An example of a successful enrollment program can be found in the efforts of Pasadena, Calif.-based Community Health Alliance of Pasadena (ChapCare), which provides more than 55,000 medical, dental and behavioral health visits annually in the San Gabriel Valley area of Los Angeles County.  

To reach out and screen all Medicaid populations (Medi-Cal in California), ChapCare has embarked on a multi-pronged community outreach effort including video announcements on public buses and the use of eligibility screening on portable tablets with a 90-second screening quiz clinic workers can take out to their communities. 

Enrollment is a three-step process

While ChapCare recognizes there is no magic button for enrollment, the organization has  developed a process that combines an involved and educated clinic staff with cloud-based mobile-enabled technology.  

  1. Screening – Patients need assistance with readily identifying which program(s) they may qualify to receive. For many community clinics, this includes Medicaid, as well as county programs that help single pregnant women, displaced workers and immigrants awaiting legal status.
  2. Enrollment – Signing up for a plan or program is often complicated and time-consuming, as it may involve providing verification of income, proof of residency and proof of identity with a driver's license or birth certificate. This process can be daunting for many underserved populations, but can be made easier with supportive staff members and easy-to-use technology.
  3. Eligibility – This step ensures patients become enrolled.
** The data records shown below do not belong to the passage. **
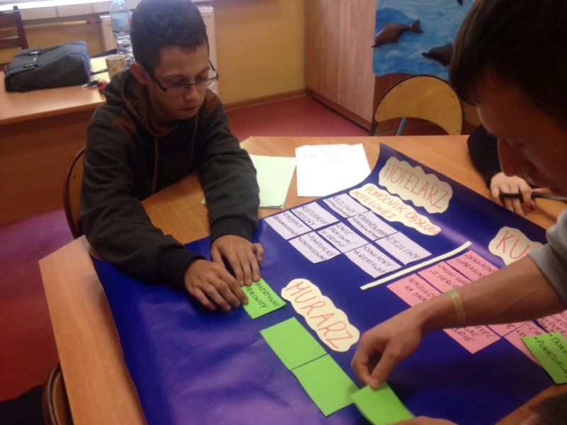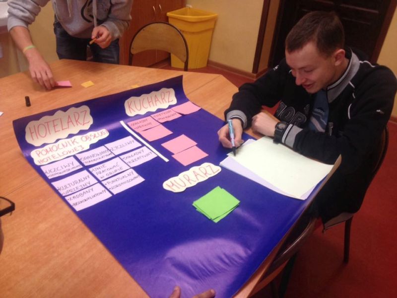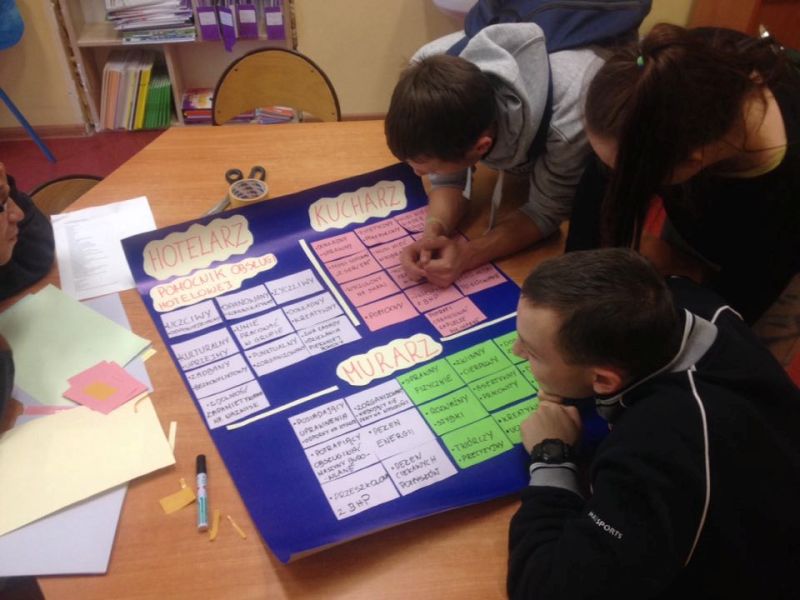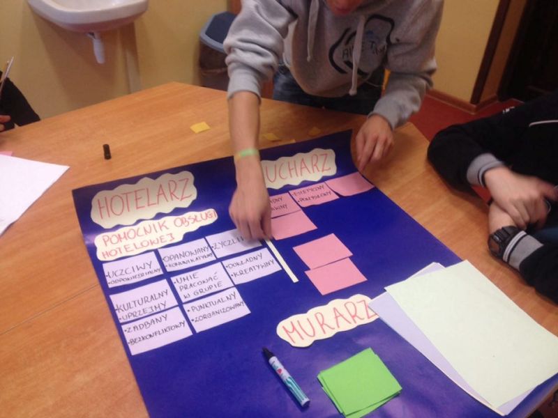 Zajęcia z doradztwa zawodowego cieszą się dużym zainteresowaniem. Dzisiejszego dnia tzn. 18 października, uczniowie wykonywali plakat na gazetkę nt. wymagań na stanowiska pracy w zawodzie kucharz, murarz i pomocnik obsługi hotelowej. Wypisywali cechy osobowości pracownika wyżej wymienionych zawodów, dokładnie dobierając i selekcjonując przykłady do każdego z nich. Ukończony plakat zostanie powieszony na tablicy w holu szkoły. Zachęcamy więc wszystkich uczniów do czytania gazetek, a w szczególności przyszłych absolwentów każdego z kierunków kształcenia w Branżowej Szkoły I stopnia Specjalnej nr 5.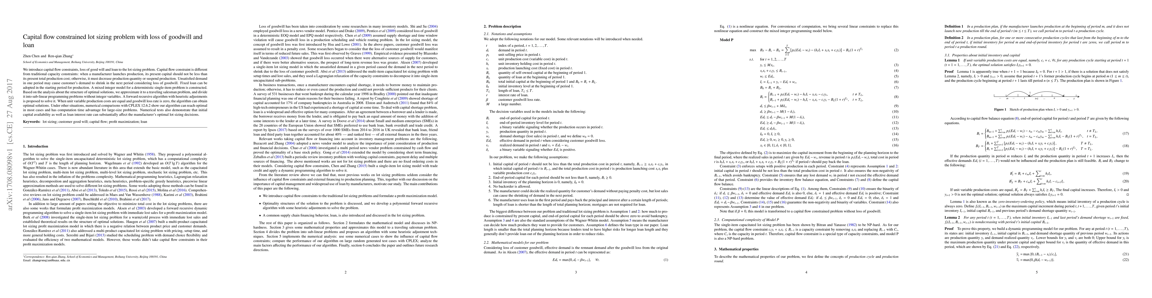 This paper addresses the lot sizing problem under capital flow constraints, loss of goodwill, and loan conditions. It proposes a mixed integer model and a forward recursive algorithm to solve it, demonstrating computational efficiency and sensitivity to initial capital and loan interest rates.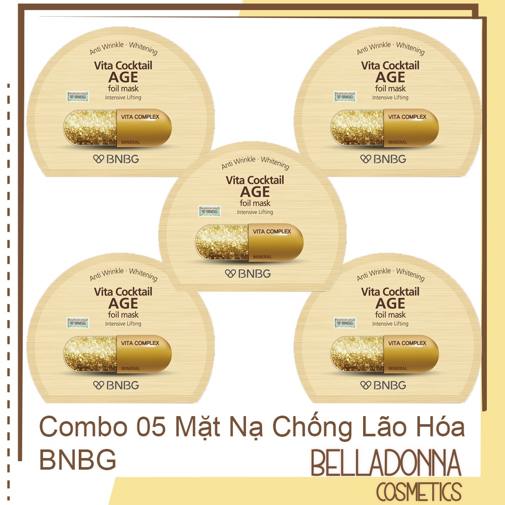 [Có Tem] Combo 05 Mặt Nạ Chống Lão Hóa BNBG Vita Cocktail Foil Mask Cho Da Khô 30ml x 05 #Age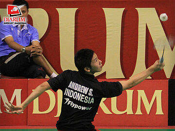 Pemain PB Djarum, Andrew Susanto berusaha mengembalikan kok ke arah pemain BBC, M. C Hidayatullah dalam babak penyisihan tunggal remaja putra Djarum Sirkuit Nasional Surabaya di GOR Sudirman, Surabaya, Senin (31/10).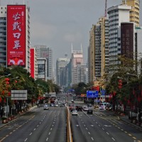 2月12日,深圳市福田区深南中路华强北街道某大楼上亮出“必戴口罩”宣传语。王琛 摄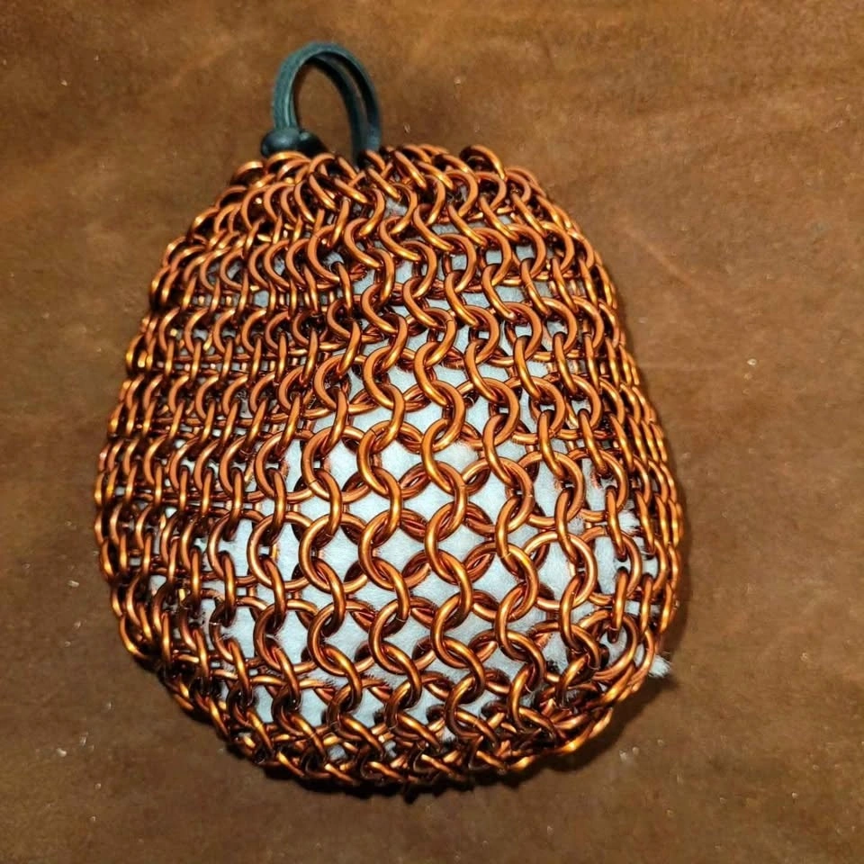 Enameled copper chainmail dice bag with black latigo leather drawstring. Holds dice securely and will last for years of hard-core gaming!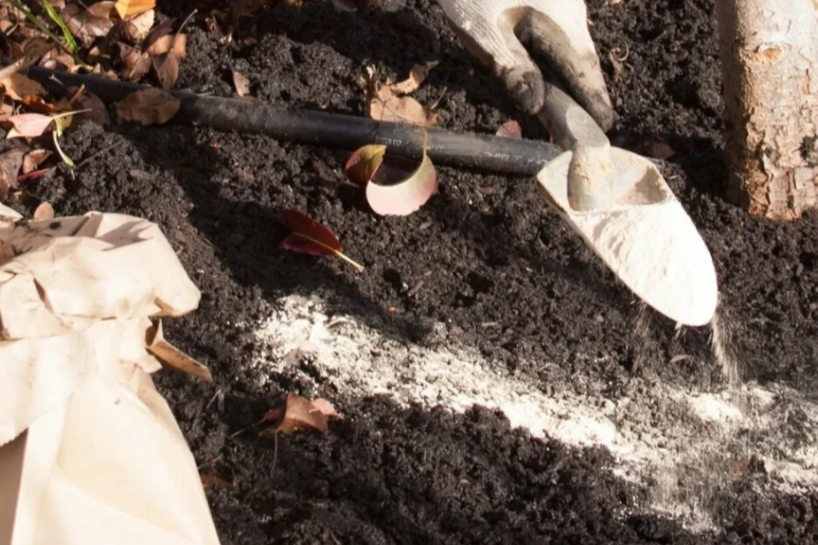 Rīkojieties šādi: plāna pelnu kārta (apmēram 1 ēdamkarote uz m²) — virspusē, tad galvenais maisījuma slānis (2 ēdamkarotes), pēc tam nedaudz spraukumu punktveidīgi pie nākamo stādījumu saknēm (ja pārstādāt). No augšas — viegla lapu mulča. Šāds “slāņainais pīrāgs” ziemā darbojas kā termoss. Pelni virspusē pasargā no izskalošanās, dolomīts vidū koriģē pH, spraukumi apakšā baro, bet kālija sulfāts ir baterijas nākamajiem augļiem.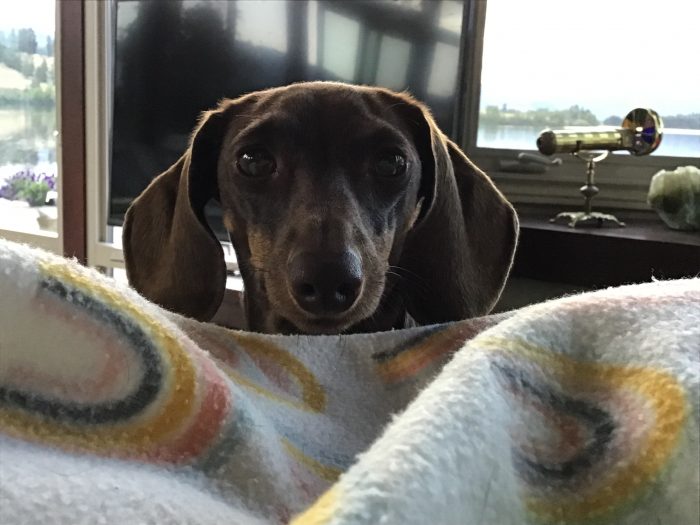 We had no idea that they could jump like that. Here her tongue is cleaning my face.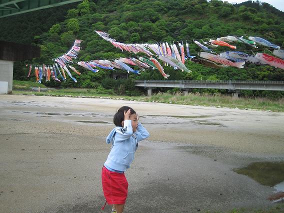 四国ではこんな鯉のぼりをよく見る(ё_ё)場所が違えば飾り方も違うのね☆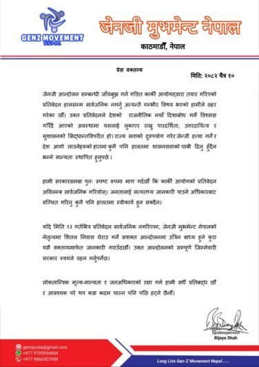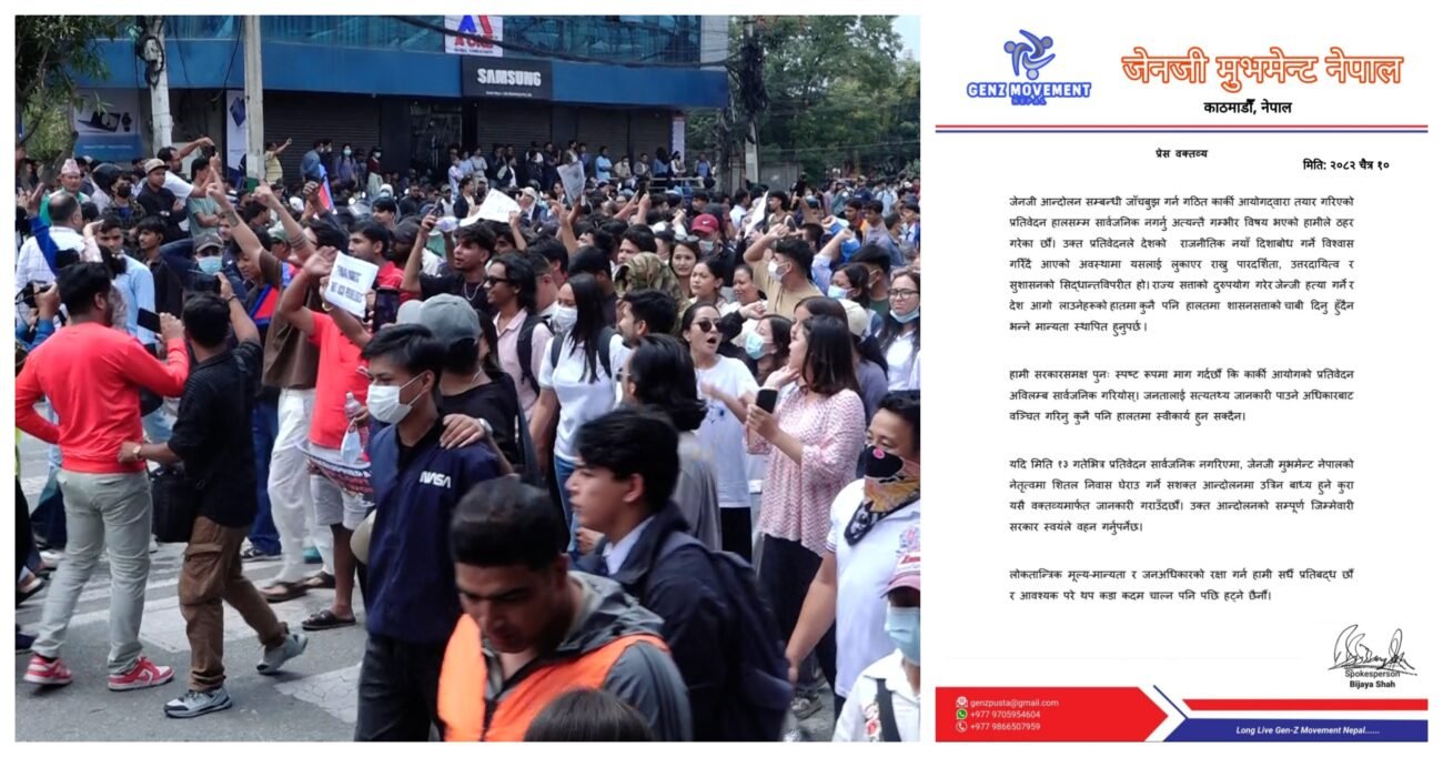 जेनजी मुभमेन्ट नेपालले सरकारलाई यही १३ गतेभित्र प्रतिवेदन सार्वजनिक गर्न अल्टिमेटम समेत दिएको छ । उक्त समयसीमाभित्र माग पूरा नभए शीतल निवास घेराउसहित सशक्त आन्दोलन गर्ने चेतावनी दिइएको छ । वक्तव्यमा आन्दोलनका क्रममा उत्पन्न हुने सम्पूर्ण परिस्थितिको जिम्मेवारी सरकार स्वयंले लिनुपर्ने उल्लेख गरिएको छ ।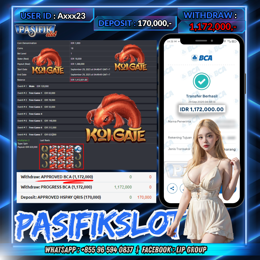 PASIFIKSLOT JACKPOT KOI GATE Rp.1,172,000,- LUNAS!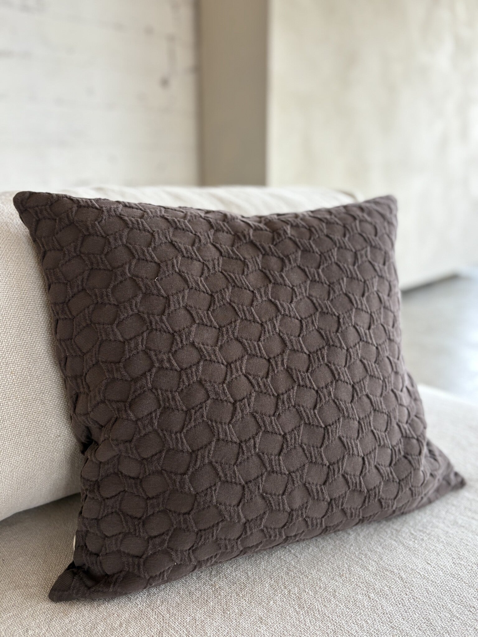 Sierkussenhoes Ella 50x50 cm – Jacquard Biokatoen met 3D Geometrisch Motief | Studio Femme Home

This measure is of most interest to providers because it guarantees that claims will be compensated by third-party payers. 

When an uninsured patient comes into the facility, or when facility staff members meet uninsured patients in the community, clinic workers walk the patients through five screening steps that cover basic information, such as: 

  • residence 
  • employment status
  • demographic information 
  • income
  • special health conditions (due to special programs based on health conditions)

With an early fall 2013 enrollment in California, ChapCare's outreach staff screened an average of 200 people per month over six months. Close to 70 percent of the people they screened were successfully enrolled in an appropriate health plan. 

Through detailed reports provided by the eligibility software, the organization was also able to meet reporting demands while maintaining and even securing additional grants.

A three-step enrollment strategy

Taking a page from ChapCare, the following three strategies can help FQHCs and other community clinics serving underserved populations build on their current enrollment efforts.  

  1. Develop partnerships with other local community health clinics and providers. Collaborations could include a shared database and combined outreach opportunities.
  2. Expand community-based and localized enrollment by attending health fairs and local events. Use a tablet or electronic-based medium to screen potential patients.
  3. Use a simple screening program to quicken the insurance process in the field and at the office – this screening program should be accessible by computer and tablet so that it can be utilized at multiple locations.

Continuing to reach out to the nation's uninsured throughout 2014 will help patients secure their medical home and just as important, help clinics' bottom lines. The result of such efforts not only will greatly help uninsured patients, it benefits busy office staff who don't have to take time away from patient care or other duties to manage uninsured patients and also ensures providers of healthcare services secure prompt reimbursement.